Violence in the U.S. is outrageous. Five law enforcement officers have been killed since SUNDAY. (WFAA Channel 8, Dallas, 11/23/16 6:00 PM broadcast)

FIVE.

Families are being torn apart. Strangers are attacking each other simply because of who they voted for. What were once deeply-rooted friendships are now overturning at a moment’s notice, maybe never to be mended again.

It’s Thanksgiving but nobody in America seems to want to talk about anything except all the stuff that pisses us off. Evidently we don’t know anything except how much of a failure our country is becoming right under our noses.

Well I’m tired of it.

Not to the point that I want to ignore it. Oh, no. There is work to be done.

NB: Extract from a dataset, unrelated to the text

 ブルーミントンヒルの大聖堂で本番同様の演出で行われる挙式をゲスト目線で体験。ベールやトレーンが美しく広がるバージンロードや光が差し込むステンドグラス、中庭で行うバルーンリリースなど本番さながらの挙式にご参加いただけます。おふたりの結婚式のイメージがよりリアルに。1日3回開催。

Liberals need to get up off their butts and stop crying, focus on what their values are and start doing something about it. If they want to see change in America that aligns with their beliefs, crying about it and playing with Play-Doh® isn’t going to do anything. Did you see Martin Luther King Jr. sitting criss-cross applesauce on the university quad bawling his eyes out? No. He got work done. Even from jail (even though we should never have put him in a position where he had to, but that’s another conversation, too).

Conservatives need to shut up. We’re not helping anyone by rubbing Trump’s win in everybody’s faces. So what. He won. Have you forgotten how crookedly he treats the people around him? It occurs to me that quite a few people have. I once read an article that proposed the idea that a young man addicted to pornography can’t expect to waltz into marriage and suddenly be freed from it because he’s now sleeping with his wife. It will still be there unless he does something about it. In the same way, Trump’s position in the White House isn’t gonna magically change his heart and his actions, either. And at 70–I’m just saying–his chances are slim.

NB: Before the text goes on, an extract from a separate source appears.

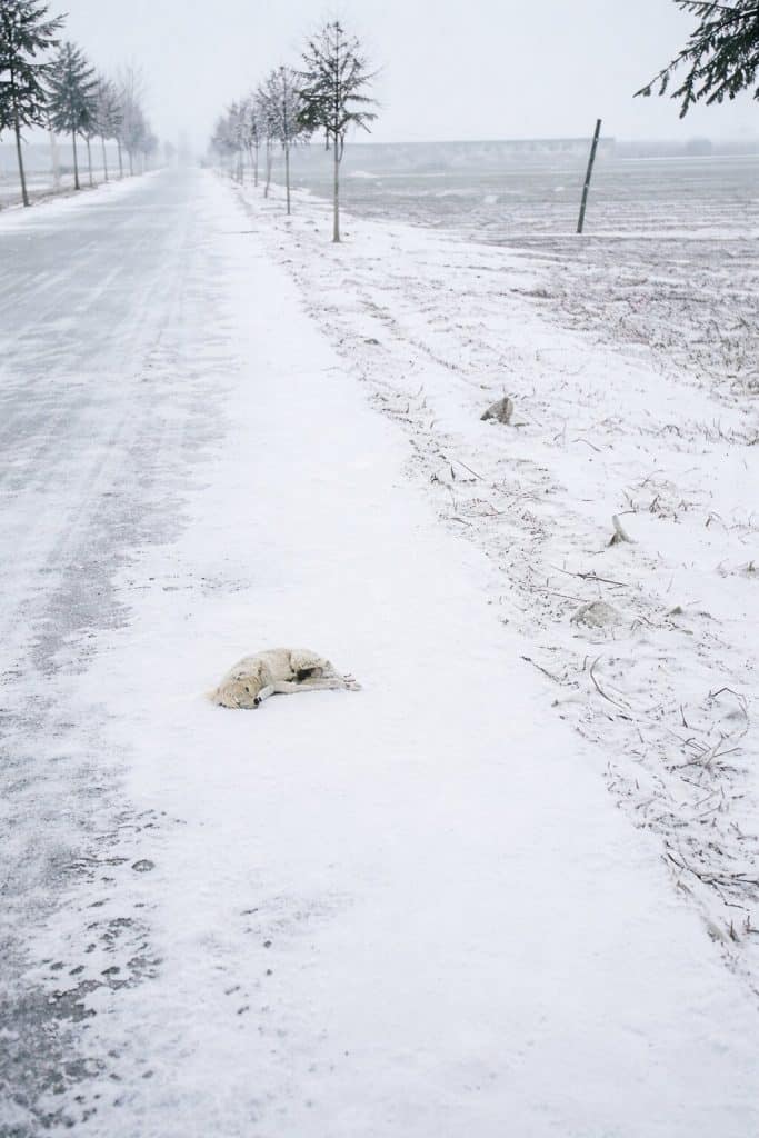 On the way home, someone noticed a small shape lying motionless by the roadside.

I want us to remember things we can still be thankful for today, because God knows we need to.

This election showed us a ton of things in America have changed.

BUT

We still put people on the moon first.

We still invented Dr. Pepper. And Cheez Whiz. And the alarm clock. And the car. And the airplane. And the internet. And the calculator. And the cell phone. And cotton candy.

And Blue Bell.

We still won 2 world wars (and, admittedly, war isn’t something to be proud of but at least the ability to put an end to a few is, I think).

We still are a beacon of light and hope to millions upon millions of people each year. The reason we have an immigration problem stems from the fact that America is still a land of opportunity.

I could make this list go on forever, but I hope you’re starting to see the point because I don’t have the patience to write for that long. We need to get over ourselves and remember the most important underlying thought in all of this: whether we voted red, blue, green, or any other color this election, and however we feel about the results, we are still Americans at the most fundamental level, and we need to act like it.

Together.

We’re not going to make it through the next four years if we don’t.